The emphasis in this module is on the technical foundations of reactive, real-time and embedded systems as used in safety-critical applications. This module was designed in conjunction with, and is usually intended to be taken alongside, the Modelling Reactive Systems 4 module. However, these two modules are not formally co-requisites as they develop different skills and knowledge and can stand freely of one another. This module contrasts with the Safety Critical Systems Development 4 module, which takes a much wider ranging view of safety-critical systems.
Aims, Objectives, and Prerequisites
The aims of this course are to introduce and explore the programming language and operating systems facilities essential to the implementation of real-time, reactive, embedded and networked systems. To provide the participants with an understanding of the practical engineering issues raised by the design and programming of reactive real-time embedded and networked systems.
By the end of this module participants should be able to:
- Clearly differentiate the different issues that arise in designing soft and hard real-time, concurrent, reactive, safety-critical and embedded systems.
- Explain the various concepts of time that arise in real-time systems.
- Analyse and apply a variety of static and dynamic scheduling mechanisms suitable for soft and hard real-time systems. Perform simple performance and schedulability analysis to demonstrate that a system successfully meets real-time constraints.
- Explain the additional problems that arise in developing distributed and networked real-time systems.
- Describe the design and implementation of systems that support real-time applications. Justify and critique the facilities provided by real-time operating systems and networks.
- Design, construct and analyse a small, concurrent, reactive, real-time system. Select and use appropriate engineering techniques, and explain the effect of application and system design decisions on the behaviour of such a system.

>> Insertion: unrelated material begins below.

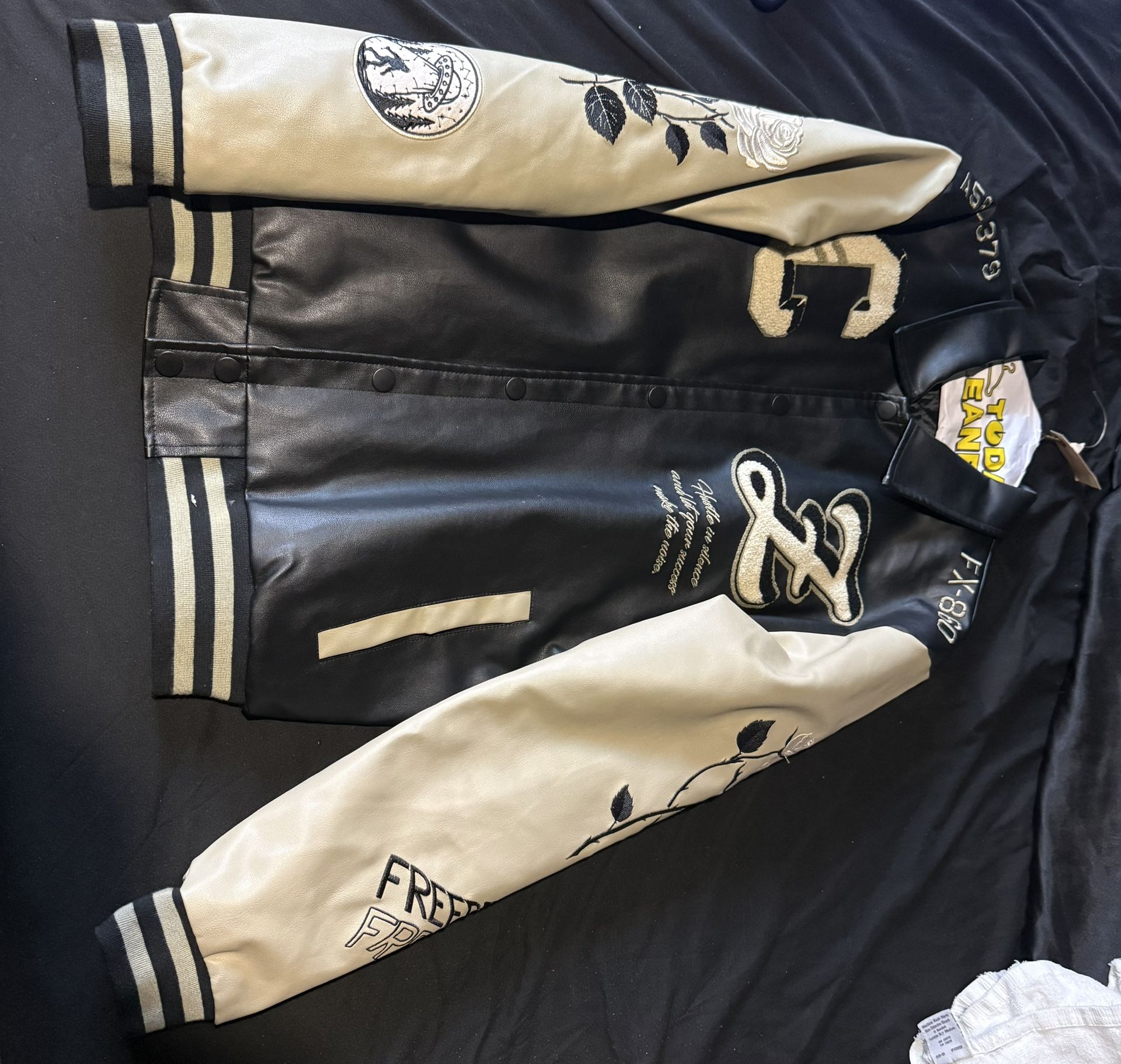 Selling this Ring of Fire "Paradise" varsity-style jacket in excellent condition. It features a high-quality vegan leather (polyurethane) shell with a comfortable quilted lining. Size: Men’s Large (L) Design: Embroidered white roses on both sleeves, "Freedom" graphic, and "UFO/Bigfoot" patch detail. Details: Classic snap-button front, striped ribbed cuffs and waistband, and chenille "C" and "Z" chest patches. Condition: Barely worn, no scuffs or peeling on the leather. I got it professionally cleaned at Today’s Cleaner :) Great streetwear piece with a unique fresh look. Asking $40. Pick up in Bakersfield or can ship!
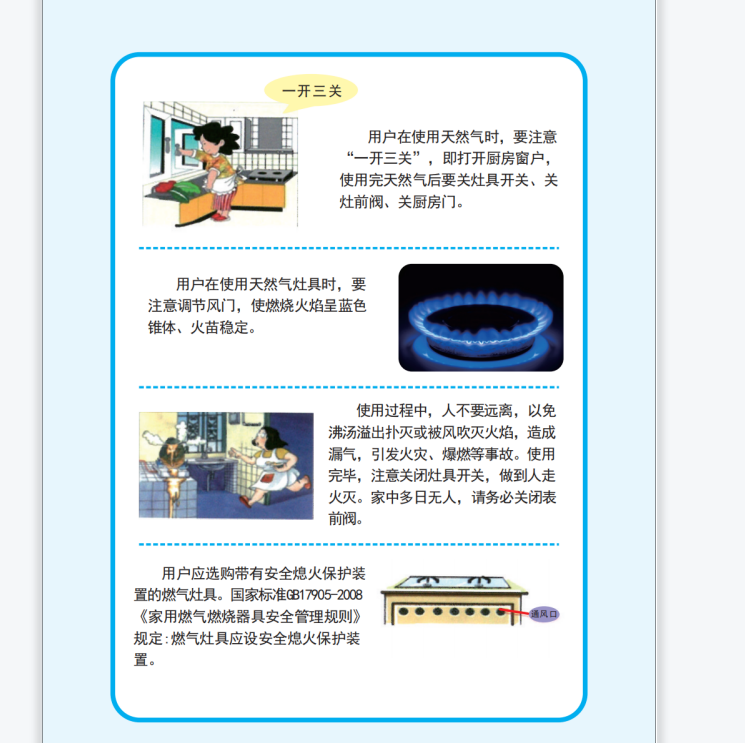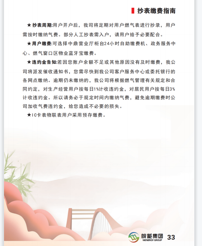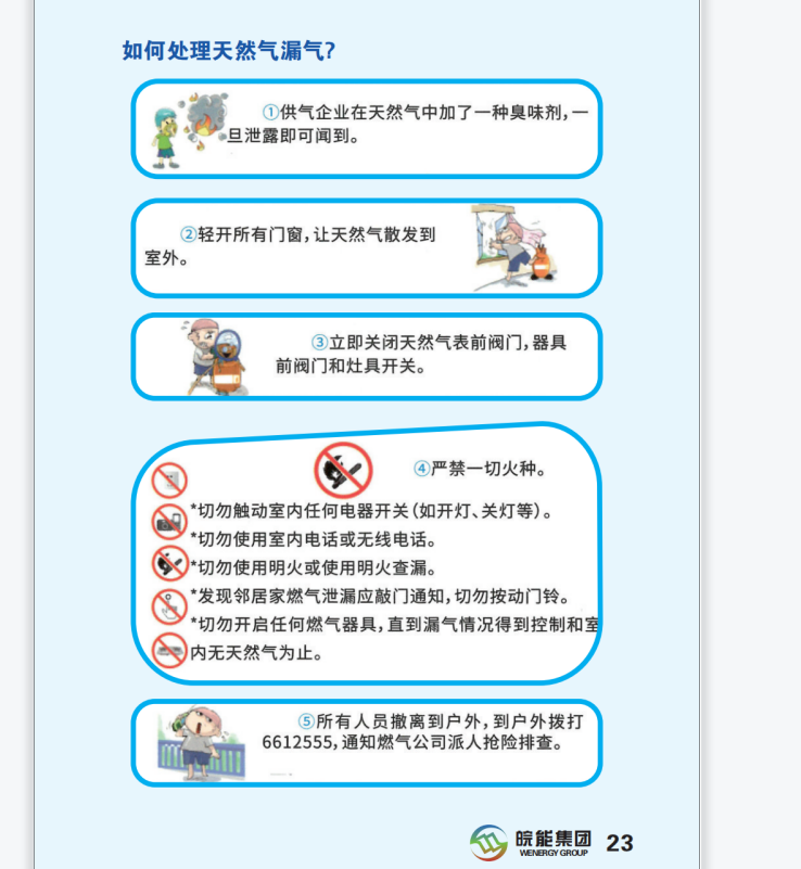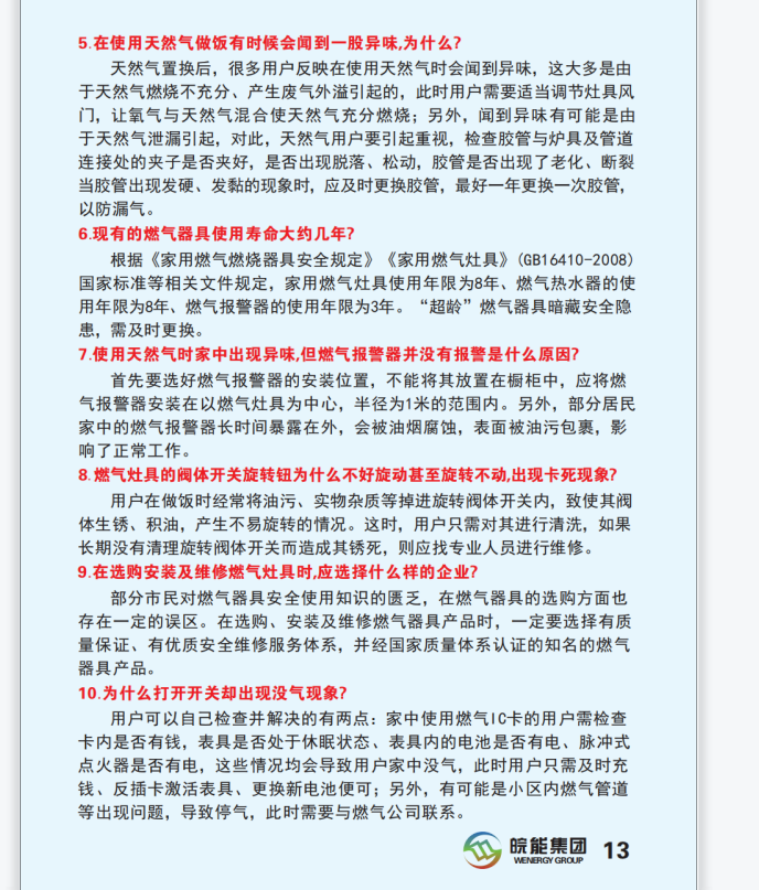 4、停氣預告:因燃氣工程施工、設施檢修等原因,需要降壓或者暫停供氣的,應當提前四十八小時通知燃氣用戶并公告;因不可抗力或者供氣設施搶修等緊急情況,需要降壓或者暫停供氣的,將及時通知燃氣用戶,同時向燃氣管理部門報告。引起停止供氣的原因消除后,將盡快恢復供氣,并在恢復供氣之前及時通知燃氣用戶。恢復供氣為八時至二十時之間進行。

Students are expected to have done degree-level studies in, and be familiar with, operating systems design and implementation, concurrency and threaded programming, and software analysis and design. Some basic familiarity with formal process modelling techniques for concurrent systems would complement the engineering issues addressed in this module.
This is a 10-credit, level M module. It is a component of the MRes, MSc (CS+), and MSci programmes in Computing Science, and may also be taken as a fourth year elective by single, combined and joint honours students in Computing Science, Software Engineering, Electronics & Software Engineering and related degrees.
The Real-time Systems book by Jane W. S. Liu is required reading for this course. The POSIX.4 Programmers Guide provides useful background, but is not mandatory.
The following research papers are also required reading:
- Edward A. Lee, Absolutely Positively on Time: What Would It Take?, IEEE Computer, July 2005.
- David Gay et al., The nesC Language: A Holistic Approach to Networked Embedded Systems, Proceedings of PLDI'03, San Diego, CA, USA, June 2003.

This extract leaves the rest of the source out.